16:24 AP: In the case of continuous Trim, we ran the experiment for a full day. We collected data the day before the experiment, the day of the experiment and the day after. In the latency graph, we see that an improvement for A and B, and for C actually we see a regression. We also see that, the day after, the latency was almost the same as before. And for this day, actually, there was a little bit of improvement. When we look at the amount of data written per second, we actually . . . something similar as before, that we're writing a lot more when Trim is enabled and also, we're writing less the day after we disabled Trim. So, as we can see, in our case, periodic Trim provides the best strategy. On top of that, we have systems that will assist with performance and capacity management of our SSD fleet. This will be explained next by Chaitanya.
17:40 AP: So, given that there's multiple factors that influence the viewer-observed performance when it comes to disks, we've evaluated Trim, as Alejandro mentioned. There's also overprovisioning, which can be done, which gives garbage collection more headroom when looking for additional pages to write out. So, in terms of constantly monitoring and evaluating the latency of disks, so we've built services that do this measurement in a statistical manner to detect any deviations from the norm. So, what happens is when such slow disks are detected, we check with the service whether it is OK to take such a disk out of service and this is basically a mechanism to prevent a sudden loss of disk capacity and some of the spikes can happen due to changes in workloads. But if such a workload is observed in a larger number of hosts, then it's probably related to workload rather than anything to do with the host.
19:07 CS: So, on taking disks out of service, we then run corrective actions such as Trim and . . . But also, in some cases, might need to reformat or wipe the partitions clean. Not only do these metrics play a part in the ongoing operations, but this MWI is monitored to track the remainder life of disks. And what we've observed is with lower media wear out indicator values, there is higher chances of errors occurring on disks, whether they are transient or nonrecoverable and we also definitely see the latency profiles increasing, which is the more common case. Now, overall, this also feeds back into our capacity planning and forecasting system where we prioritize PoPs with lower MWI, which benefit from a sooner refresh.
20:19 CS: So, that concludes our talk today on managing slow disks in CloudFront. So, to recap, the workload that you place on disks heavily influences what is the performance profile seen by the disk.

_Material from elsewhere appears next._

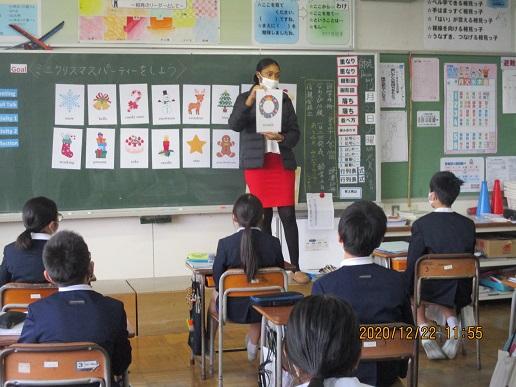 6年生。英語の時間。アモイ先生と、クリスマスの学習中。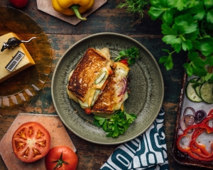 Grilled Cheese on klassinen lohtuleipä, joka saa tässä reseptissä raikkaan syystwistin. Paahdetut kesäkurpitsat, paprika ja tomaatti tekevät leivistä ruokaisat ja värikkäät. Täydellinen iltapala tai viikonlopun herkku.

So, the two systems that we spoke about are the routing and caching systems of CloudFront. These disks are from different vendors. While they can look similar in terms of specifications, it can vary in the observed performance due to different implementations. Running mitigations such as Trim or taking disks out when higher I/O latencies are observed, these can help in managing the performance expectations from the disks and all of this can be done by frequently collecting and evaluating disk metrics, which is important to meet the performance bar that customers expect and also in longer-term capacity planning. With that, on behalf of Alejandro and myself, I would like to thank you for listening to our talk. Thank you.